Note, however, that while the means correspond well with the optimized model parameters, the distributions are not symmetric. In such a case, the simple method of using percentiles as CI values may not be appropriate. For more advanced analysis, the distribution values are directly available through the properties DwelltimeModel.bootstrap.amplitude_distributions and DwelltimeModel.bootstrap.lifetime_distributions which return the data as a numpy array with shape [# components, # bootstrap samples].

10.2.1. The Exponential (Mixture) Model

The model likelihood \(\mathcal{L}\) is defined for a mixture of exponential distributions as:

\[\mathcal{L} = \prod_j^T \left[ \frac{1}{N} \sum_i^M \frac{a_i}{\tau_i} \exp{\left( \frac{-t_j}{\tau_i} \right)} \right]\]

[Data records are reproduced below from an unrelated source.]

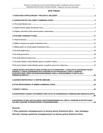 PROJEKT ZAŁOŻEŃ DO PLANU ZAOPATRZENIA GMINY KAMIENNA GÓRA W CIEPŁO, ENERGIĘ ELEKTRYCZNĄ I PALIWA GAZOWE – Diagnoza i opis stanu aktualnego 1 SPIS TREŚCI 1.PODSTAWA OPRACOWANIA "PROJEKTU ZAŁOŻEŃ"..............................................................................2 2.CHARAKTERYSTYKA GMINY KAMIENNA GÓRA.......................................................................................3 2.1.Warunki klimatyczne................................................................................................................................................... 5 2.1.Społeczeństwo gminy Kamienna Góra....................................................................................................................... 5 2.3.Ogólna charakterystyka infrastruktury budowlanej................................................................................................ 5 3.SYSTEMY ENERGETYCZNE.......................................................................................................................11 3.1.Wprowadzenie............................................................................................................................................................ 11 3.2.Bilans energetyczny gminy Kamienna Góra............................................................................................................ 11 3.3.Bilans paliw na terenie gminy Kamienna Góra....................................................................................................... 16 3.4.System ciepłowniczy .................................................................................................................................................. 18 3.5.System gazowniczy..................................................................................................................................................... 18 3.6.System elektroenergetyczny.......................................................................................................................................21 3.7.Systemy lokalne i indywidualne oparte na paliwie stałym......................................................................................24 3.8.Systemy lokalne i indywidualne oparte na paliwie gazowym i olejowym............................................................. 25 4.MOŻLIWOŚCI WYKORZYSTANIA ISTNIEJĄCYCH NADWYŻEK I LOKALNYCH ZASOBÓW PALIW I ENERGII, Z UWZGLĘDNIENIEM SKOJARZONEGO WYTWARZANIA CIEPŁA I ENERGII ELEKTRYCZNEJ ORAZ ZAGOSPODAROWANIA CIEPŁA ODPADOWEGO Z INSTALACJI PRZEMYSŁOWYCH.........................................................................................................................................26 5.ZAKRES WSPÓŁPRACY Z INNYMI GMINAMI............................................................................................39 6.STAN ŚRODOWISKA W GMINIE KAMIENNA GÓRA.................................................................................40 7.KOSZTY CIEPŁA...........................................................................................................................................45 8.KONKURENCYJNOŚĆ SYSTEMÓW CIEPLNYCH W OGRZEWANIU POMIESZCZEŃ MIESZKALNYCH ...........................................................................................................................................................................46 9.DIAGNOZA STANU AKTUALNEGO ZAPOTRZEBOWANIA NA CIEPŁO, ENERGIĘ ELEKTRYCZNĄ I PALIWA GAZOWE (STRESZCZENIE I PODSUMOWANIE)...........................................................................50 Rysunki I. Plan systemów energetycznych na terenie gminy Kamienna Góra – stan istniejący. Kierunki rozwoju systemów energetycznych na terenie gminy Kamienna Góra. 2 PROJEKT ZAŁOŻEŃ DO PLANU ZAOPATRZENIA GMINY KAMIENNA GÓRA W CIEPŁO, ENERGIĘ ELEKTRYCZNĄ I PALIWA GAZOWE – Diagnoza i opis stanu aktualnego 1. PODSTAWA OPRACOWANIA "PROJEKTU ZAŁOŻEŃ" Podstawą prawną do opracowania "Projektu założeń do planu zaopatrzenia gminy 1.1. Kamienna Góra w ciepło, energię elektryczną i paliwa gazowe" jest Ustawa Prawo energetyczne z dnia 10 kwietnia 1997r. (Dziennik Ustaw z 1997r. Nr 54, poz. 348 wraz z późniejszymi zmianami wynikającymi z Ustawy z dnia 4 grudnia 1997r., 2 lipca 1998r. oraz 24 lipca 1998r.) przypisujące gminie zadanie własne; planowania i organizacji zaopatrzenia w ciepło, energię elektryczną i paliwa gazowe na obszarze gminy (Art. 18 Ustawy) i zobowiązującą Urząd Gminy do opracowania "Projektu założeń do planu" (Art. 19 Ustawy) i "Projektu planu" (Art. 20 Ustawy). 1.2. Podstawą formalną opracowania "Projektu założeń do planu zaopatrzenia Gminy Kamienna Góra w ciepło, energię elektryczną i paliwa gazowe " jest Umowa zawarta pomiędzy Wójtem Gminy Kamienna Góra, a Fundacją na rzecz Efektywnego Wykorzystania Energii w Katowicach (FEWE). Podstawą analityczną i udokumentowaniem uogólnień niniejszego "Projektu założeń" 1.3. jest diagnoza stanu istniejącego (część I) oraz prognozy i koncepcje (część II). Zakres i redakcja części szczegółowej odpowiada wymogom Ustawy - Prawo energetyczne, to jest określa: 1) ocenę stanu aktualnego i przewidywanych zmian zapotrzebowania na ciepło, energię elektryczną i paliw gazowych, 2) przedsięwzięcia racjonalizujące użytkowanie ciepła, energii elektrycznej i paliw gazowych, 3) możliwości wykorzystania istniejących nadwyżek i lokalnych zasobów paliw i energii z uwzględnieniem skojarzonego wytwarzania ciepła i energii elektrycznej oraz zagospodarowania ciepła odpadowego z instalacji przemysłowych, 4) 1.4. zakres współpracy z innymi gminami. Niniejsza dokumentacja została wykonana zgodnie z umową, obowiązującymi przepisami, w tym techniczno – budowlanymi, Polskimi Normami i zasadami wiedzy technicznej. Dokumentacja wydana jest w stanie zupełnym ze względu na cel oznaczony w umowie. PROJEKT ZAŁOŻEŃ DO PLANU ZAOPATRZENIA GMINY KAMIENNA GÓRA W CIEPŁO,
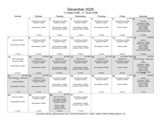 Beth Israel Congregation December 2025 Calendar
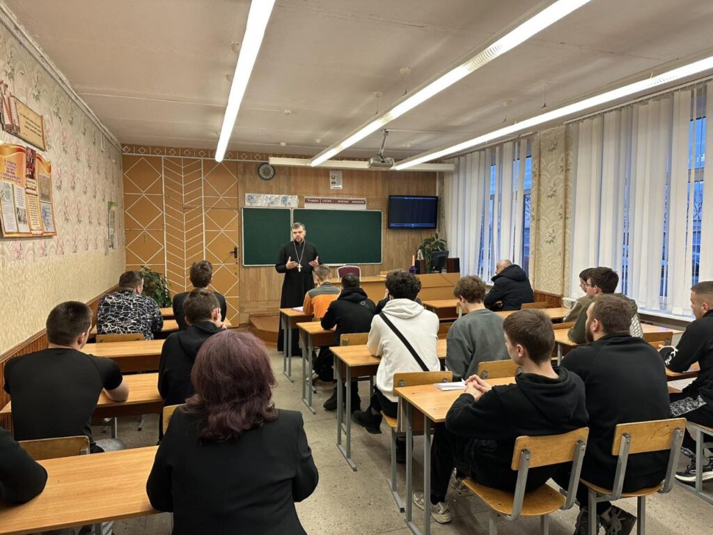 20 февраля 2026 г., в преддверии Дня защитника Отечества, клирик храма Сретения Господня в г. Дрогичине иерей Александр Полоско провел беседу с учащимися Дрогичинского аграрного колледжа на тему «Христианин и воин: два служения – одна цель».
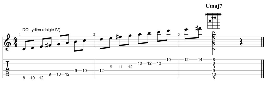 C’est une gamme majeure qui fonctionne bien sur les accords majeurs 7M (si = 7M). Elle tient son originalité de sa quarte augmentée (fa#) qui lui donne une couleur très caractéristique. Ce mode correspond à un accord majeur (mi = 3M) ou majeur 7M, DO ou DO7M. En fait, jouer en DO lydien revient à jouer en SOL majeur (1 # à la clé) sur un accord de DO. Le compositeur Gabriel Fauré l’a, entre autres, utilisé dans un morceau très justement intitulé « Lydia ».
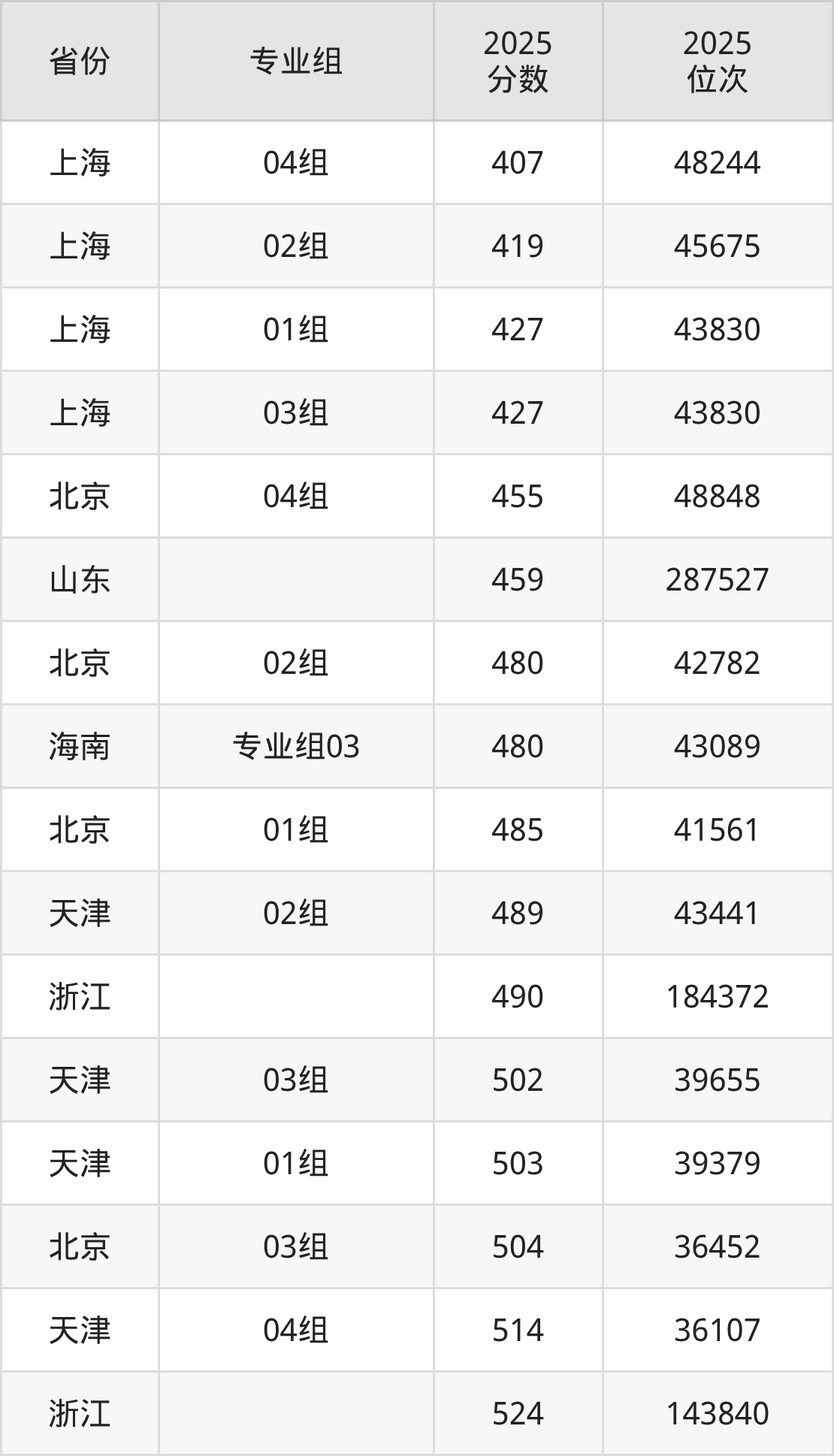 最低分对应地区为上海(04组),录取位次为48244,超本科线5分;最高分对应地区为海南(专业组01),录取位次为24344,超本科线67分。
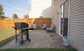 * Outdoor Patio: Grill, seating area, and private fenced yard for relaxing evenings
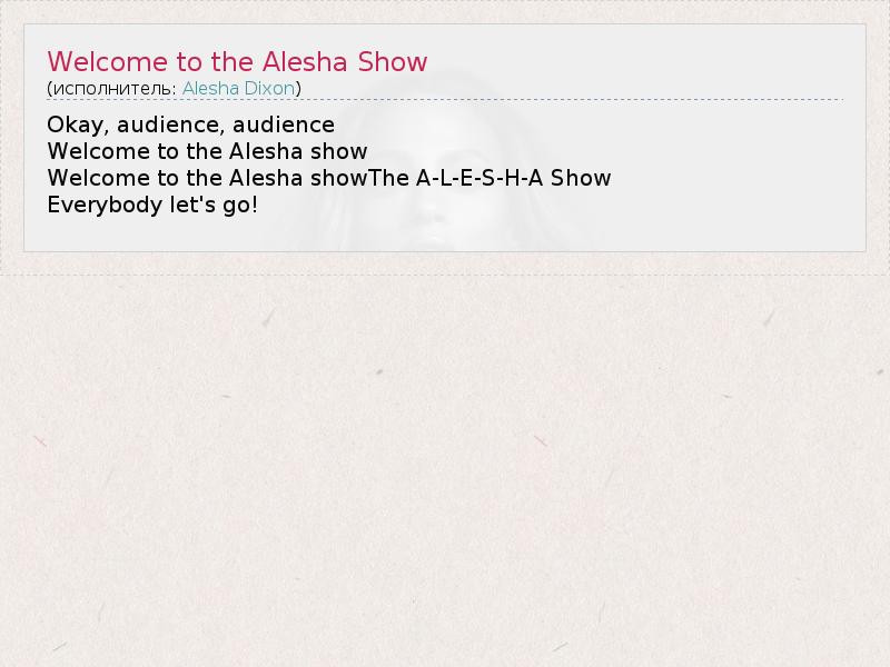 ГлавнаяИсполнителиAlesha DixonWelcome to the Alesha Show
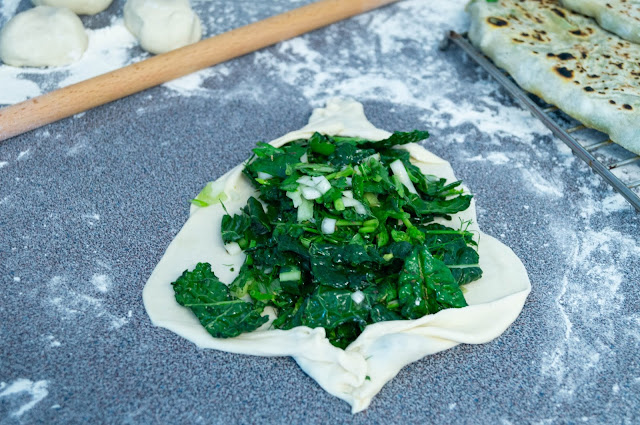 Dieses Gericht vereint einmal mehr, alles was ich liebe! Ganz viele verschiedene Kräuter getrocknet und frisch, unter anderem Petersilie, Minze, Thymian und Dill. Grünes Gemüse wie Spinat, Schwarzkohl, und Frühlingszwiebeln in Hülle und Fülle. Ein schneller und einfacher Teig nur aus Mehl, Wasser, Olivenöl und Salz. Und natürlich nicht zu vergessen eine Prise Chili für die nötige Schärfe. Aus diesen einfachen Grundzutaten habe ich mit viel «Grün» gefüllte armenische Fladenbrote gemacht, die nur so von Geschmack und Würze strotzen.
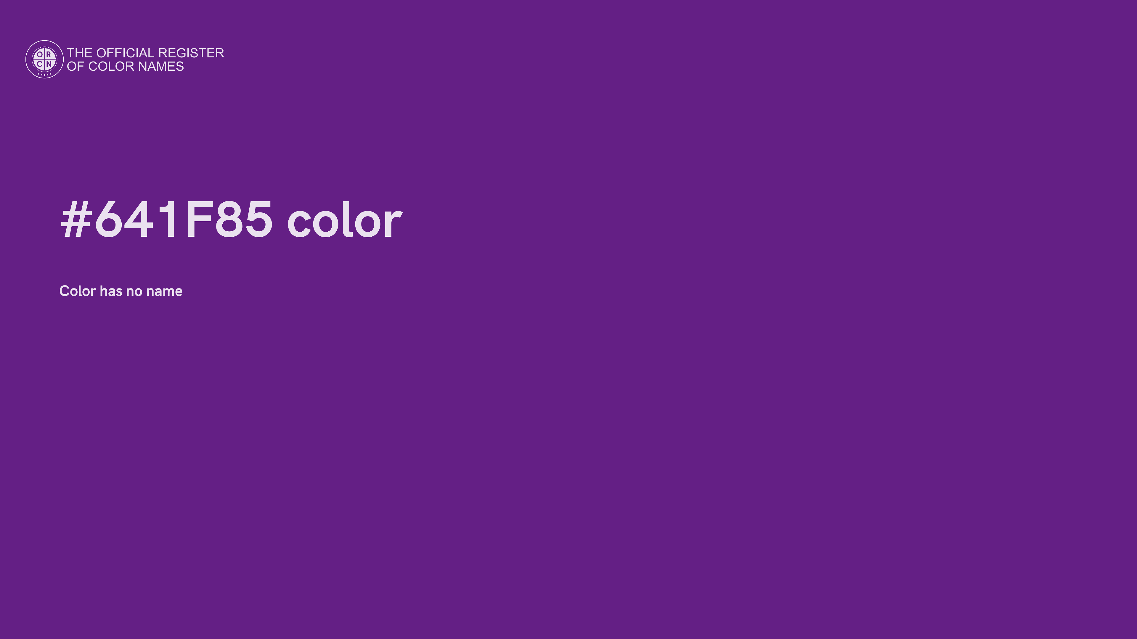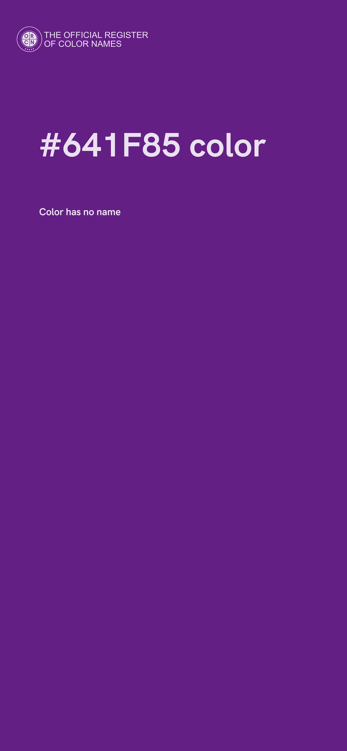 The digital color HEX #641F85 belongs to the Violet Color Family featuring High Saturation (Saturation Family) and Neutral (Brightness Family).
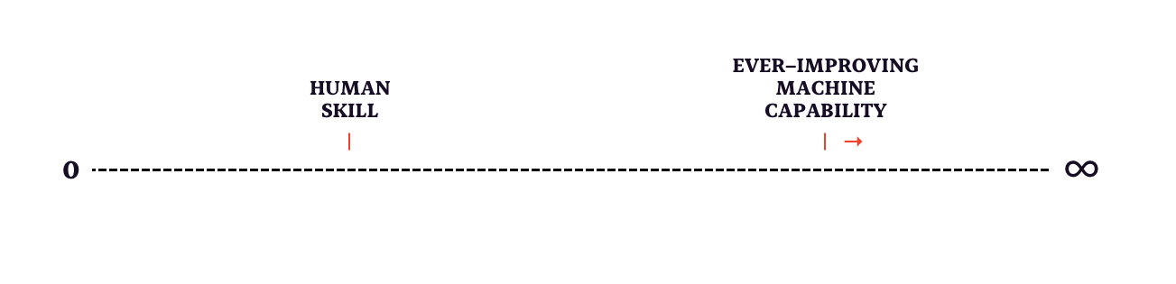 Another way of thinking about it is when we come up with a new skill or a technology, we might slowly improve it, maturing the domain for other humans to participate in it. As part of that onboarding, sets of instructions need to be written. At which point are the domains ready for a machine to excel in them?
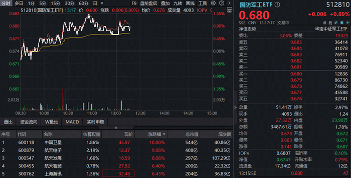 12月4日,国防军工板块反弹,商业航天概念再度领涨,中国卫星午后涨停,航天电子涨超8%创10 年新高,航天发展涨超7%创四年新高。场内热门国防军工ETF(512810)持仓多只商业航天龙头股,盘中摸高1.35%。
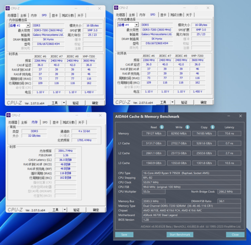 內存讀寫測試,直接開啓XMP,內存讀取速度爲79127 MB/s,寫入速度爲82950 MB/s,複製速度爲74185 MB/s,延時爲70.6 ns;
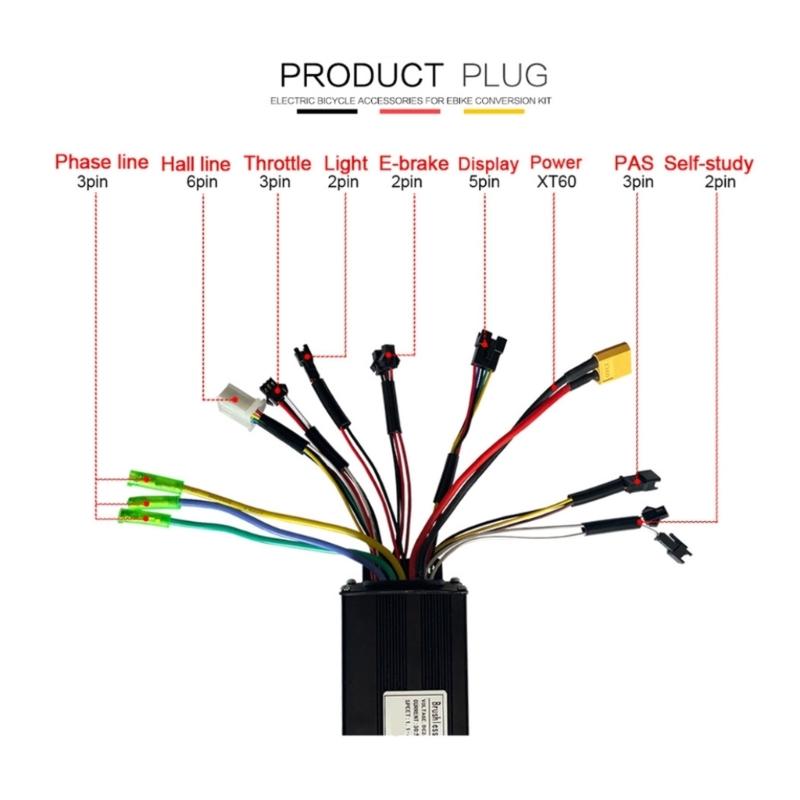 Контроллер 30A с синусоидальной волной для переоборудования электровелосипеда с отличным теплоотводом и тремя режимами 24В 36В 48В
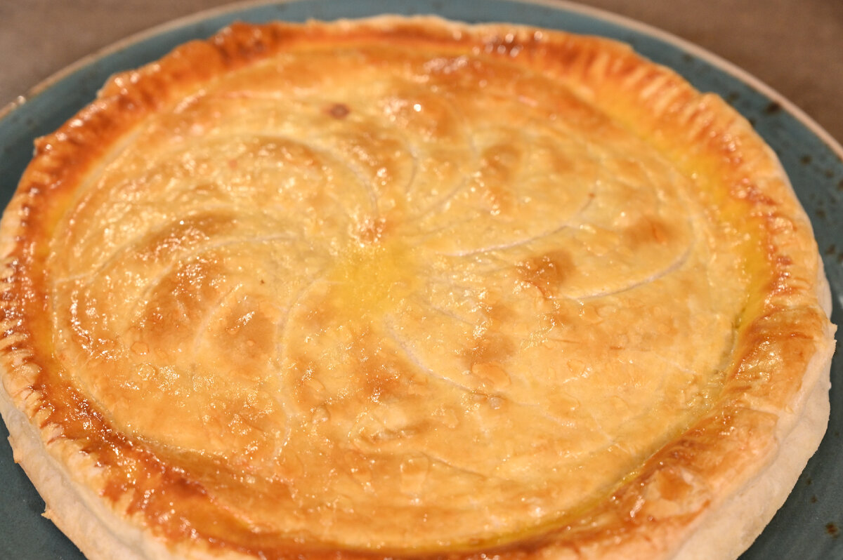 Сыр натирается на крупной терке, а молоко доводится до кипения. Снимая с плиты, постепенно добавляется натертый сыр, перемешивая до полного расплавления.В небольшой миске смешивается мука с одной столовой ложкой молока или воды. Когда сыр растворится, эта мучная паста добавляется в кастрюлю, тщательно перемешивается и приправляется белым перцем.Полученная смесь выкладывается в форму, предварительно застеленную пленкой, и отправляется в холодильник на 2 часа для застывания.Духовка разогревается до 220 градусов.Ветчина нарезается крупными кусками.Тесто раскатывается, из него вырезаются два круга диаметром 23 см.Первый круг помещается на противень с пергаментом и смазывается горчицей. Ветчина и охлажденный сыр выкладываются на горчицу.Края теста смачиваются яйцом, накрывается вторым кругом, удаляется воздух, края обрезаются, формируется узор с помощью вилки.Тесто вновь смазывается яйцом и убирается в холодильник на 10 минут. Сверху можно сделать узор и еще раз смазать яйцом.Галета запекается: сначала 10 минут при 220 градусах, затем 20 минут при 180 градусах. После готовности её можно подавать, предварительно немного остудив.Приятного аппетита!
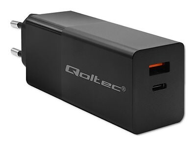 Qoltec Power Pro GaN Chargeur Mural avec 2 Ports (USB-C, USB) 100W
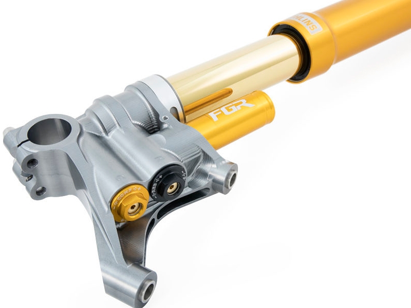 Horquilla Ohlins FGR 301 Superbike. La horquilla delantera universal Ohlins FGR FGR 301 incorpora soluciones técnicas desarrolladas en MotoGP y World Superbike. La horquilla FGR 300 ofrece prestaciones superiores que su predecesora para mantenerse por delante sus competidores más directos. Basándose en la tecnología del kit de cartuchos de horquilla delantera presurizada TTX25, la botella reforzada agrega rigidez al diseño, crucial para un control completo en competición, y un vástago de pistón más delgado que permite un comportamiento dinámico mejorado. Además, una válvula de 3.5 mm permite un rango de regulación mayor, regulaciones que nunca han sido más fáciles de realizar con las perillas de ajuste codificadas por color para compresión y extensión, junto con una función de regulación por clics para la precarga del muelle.

where \(T\) is the number of observed dwell times, \(M\) is the number of exponential components, \(t\) is time, \(\tau_i\) is the lifetime of component \(i\), and \(a_i\) is the fractional contribution of component \(i\) under the constraint of \(\sum_i^M a_i = 1\). The normalization constant \(N\) is defined as:

\[N = \sum_i^M a_i \left[ \exp{ \left( \frac{-t_{min}}{\tau_i} \right)} - \exp{ \left( \frac{-t_{max}}{\tau_i} \right)} \right]\]

where \(t_{min}\) and \(t_{max}\) are the minimum and maximum possible observation times.

The normalization constant takes into account the minimum and maximum possible observation times of the experiment. These can be set manually with the min_observation_time and max_observation_time keyword arguments, respectively. The default values are \(t_{min}=0\) and \(t_{max}=\infty\), such that \(N=1\). However, for real experimental data, there are physical limitations on the measurement times (such as pixel integration time for kymographs or sampling frequency for force channels) that should be taken into account.